Arabic pdf text extraction

2.1k views Asked by At

I'm trying to extract text from Arabic pdfs - raw data extraction not OCR -.

I tried many packages, tools and none of them worked, python packages, pdfBox, adobe API, and many other tools and all of them field to extract the text correctly, either it reads the text LTR or it do wrong decoding.

Here is a two sample from different tools
sample 1:

املحتويات

7 الثانية الطبعة مقدمة
9 وتاريخه األدب -١
51 الجاهليون -٢
95 الشعر نحل أسباب -٣
149 والشعراء الشعر -٤
213 مرض شعر -٥
271 الشعر -٦
285 الجاهيل النثر -٧

sample 2:

ﺔﻴﻧﺎﺜﻟا ﺔﻌﺒﻄﻟا ﺔﻣﺪﻘﻣ
ﻪﺨﻳرﺎﺗو بدﻷا -١
نﻮﻴﻠﻫﺎﺠﻟا -٢
ﺮﻌﺸﻟا ﻞﺤﻧ بﺎﺒﺳأ -٣
ءاﺮﻌﺸﻟاو ﺮﻌﺸﻟا -٤
ﴬﻣ ﺮﻌﺷ -٥
ﺮﻌﺸﻟا -٦
ﲇﻫﺎﺠﻟا ﺮﺜﻨﻟا -٧

original text enter image description here and yes I can copy it and get the same rendered text.

are there any tool that can extract Arabic text correctly

the book link can be found here

3

There are 3 answers

3
K J On BEST ANSWER

The text in a PDF is not the same as the text used for its construction, we can see that in your example where page 7 is shown in Arabic on the surface but is coded as 7 in the plain text.

enter image description here

However a greater problem is the Languages as supported by fonts, so in Notepad I had to accept a script font to see a similarity, but that is using a font substitution.

Another complication is Unicode and whitespace ordering.

so the result from

pdftotext -f 5 -l 5 في_الأدب_الجاهلي.pdf try.txt

At best will look like enter image description here

Thus in summary your Sample 1 is equal if not better, than any other simple attempt.

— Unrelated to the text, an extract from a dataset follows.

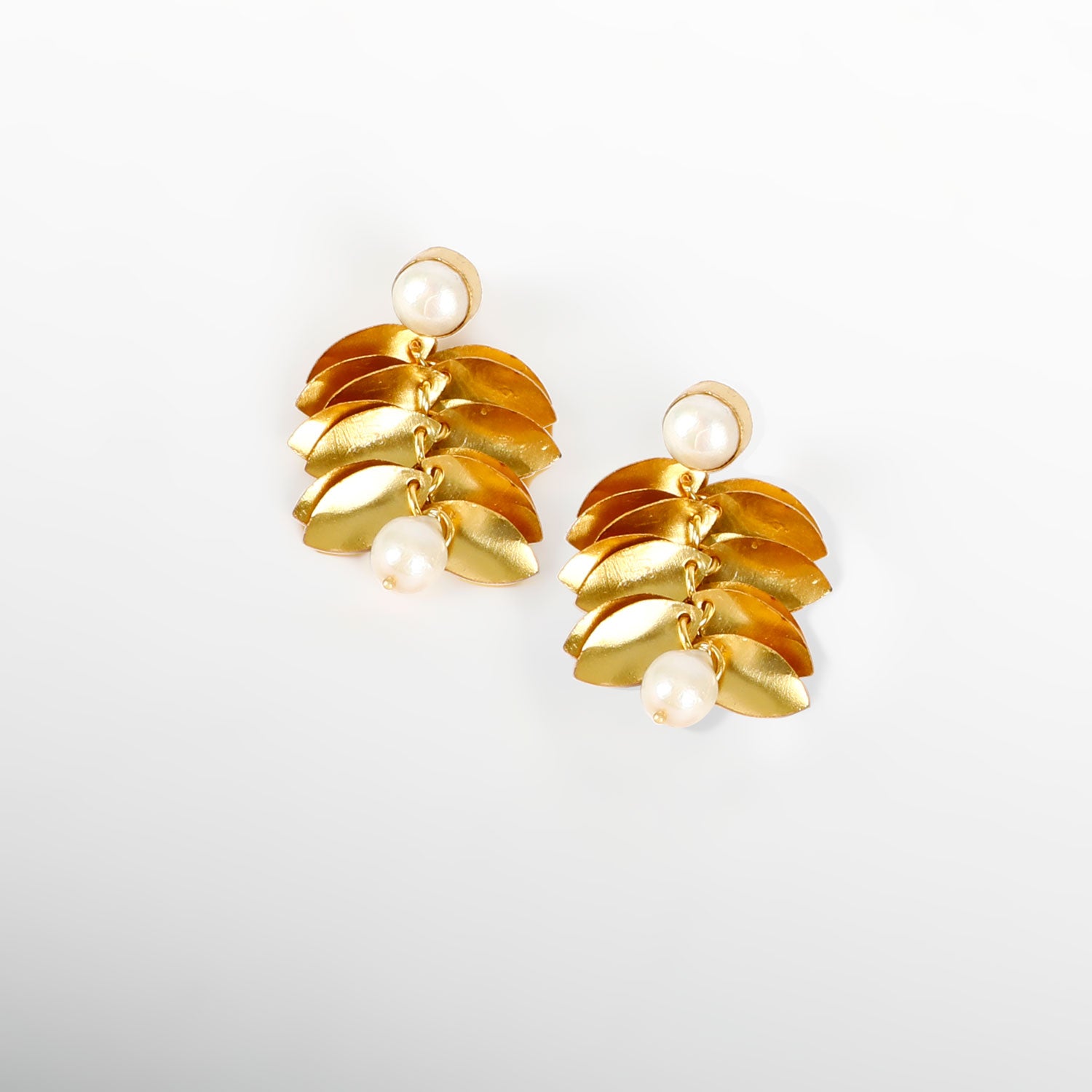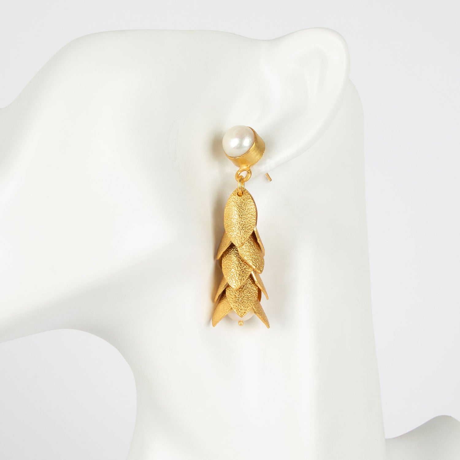 Designed to be striking and playful, these earrings appeal to customers seeking statement earrings, gold leaf earrings, faux pearl jewellery, and bold fashion accessories. They work equally well for events, celebrations, or as a standout addition to a contemporary jewellery collection.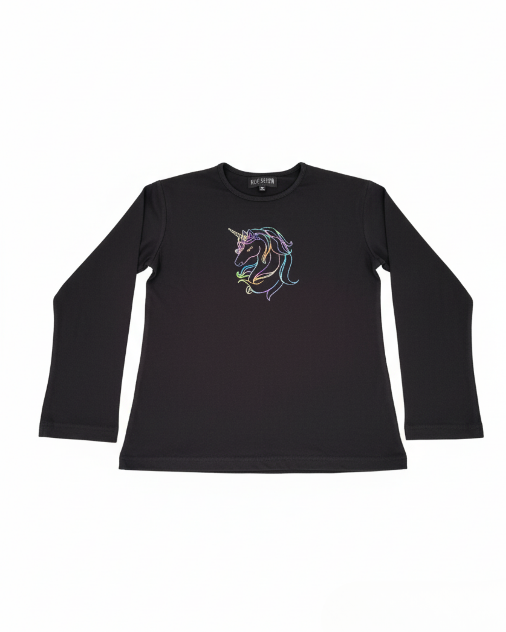 Camiseta de manga larga en color azul marino, con un llamativo estampado de un unicornio en colores iridiscentes/arcoíris. De corte liso, es ideal para un look casual con un toque mágico y moderno.

Later Edit from B.A. comment below

I found a way to go around this, after extracting the text I open the txt file and normalize its content using unicodedata python module that offers unicodedata.normalize() function. So I can now say that pdftotext is the best tool for Arabic text extraction

0
Fayez On

one can also open an Arabic PDF file using MS Word and then save it as a .docx format. This approach can yield a more accurate Arabic transformation from PDF to DOCX. It is recommended to use the latest version of MS Word for enhanced compatibility and better results.

0
Ahmed Ayman On

Unicode Normalization should be fixing that issue. (you can choose NFKC)

Most programming languages have a normal. check here for more info about normalization. https://unicode.org/reports/tr15/